Posted: 21 Nov 2011 06:44 AM PST

Apple’s Grand Central store may be revealed as soon as tomorrow morning.

According to 9to5mac, which has been chronicling the construction of the venue, workers will arrive Tuesday and remove black boards that currently obfuscate the store’s facade. At that point, the location will be officially announced as a new Apple store.

When it opens, this new location will be the largest Apple Store in the world.

The store will be the workplace of an estimated 300+ employees, who have been meeting and training to prepare for the store’s Black Friday opening date.

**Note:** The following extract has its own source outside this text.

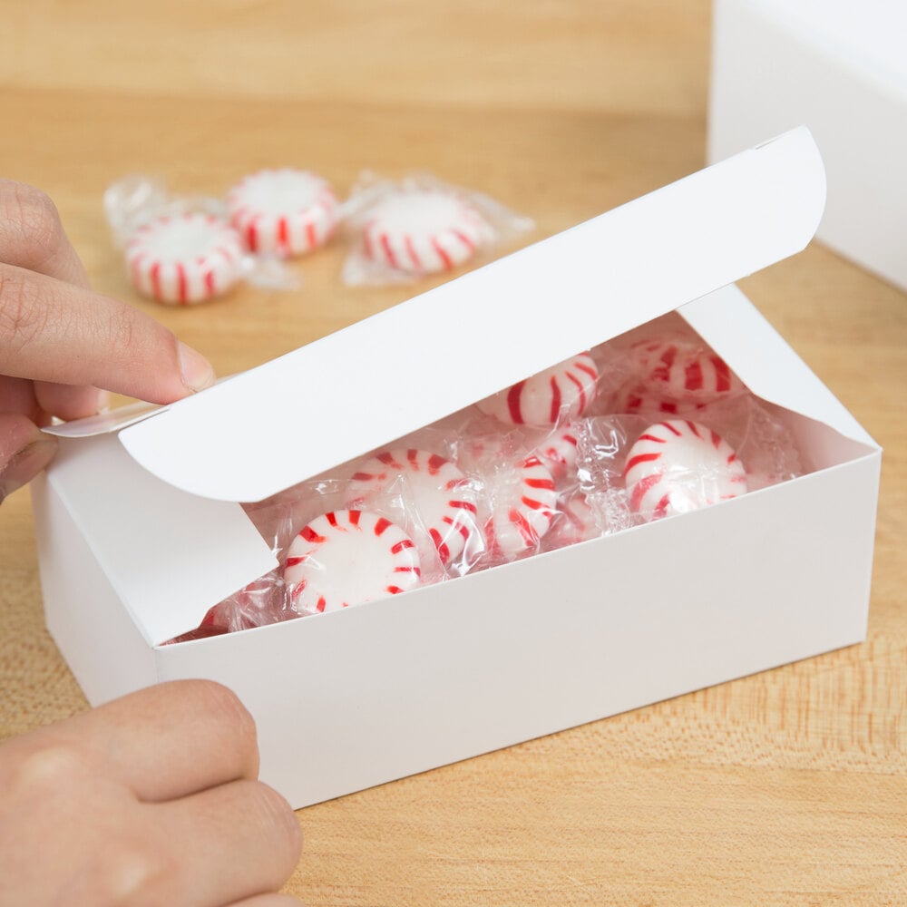 Your business can use this box to package fudge, taffy, cookies, candies, and mints. The 1/2 lb. size leaves you ample space to fill it with wrapped candies, fudge, or even small baked goods.

Here’s a walkthrough of the space the store will occupy, shot before construction began:

Currently, Grand Central Station is home to around 79 restaurants, banks and consumer-focused retailers, from Banana Republic to Eata Pita. During the year-end holidays, the area also holds the Holiday Fair, where 72 craftspeople, artisans and importers to peddle their wares in the 12,000-foot Vanderbilt Hall.

Around 750,000 people go through Grand Central Station each day. Demographics skew male, slightly older (the median age is 41) and overwhelmingly college-educated (93 percent of commuters through this station have at least obtained bachelor’s degrees). Grand Central Station passengers are also relatively well off, with 70 percent of them having a household income exceeding $100,000.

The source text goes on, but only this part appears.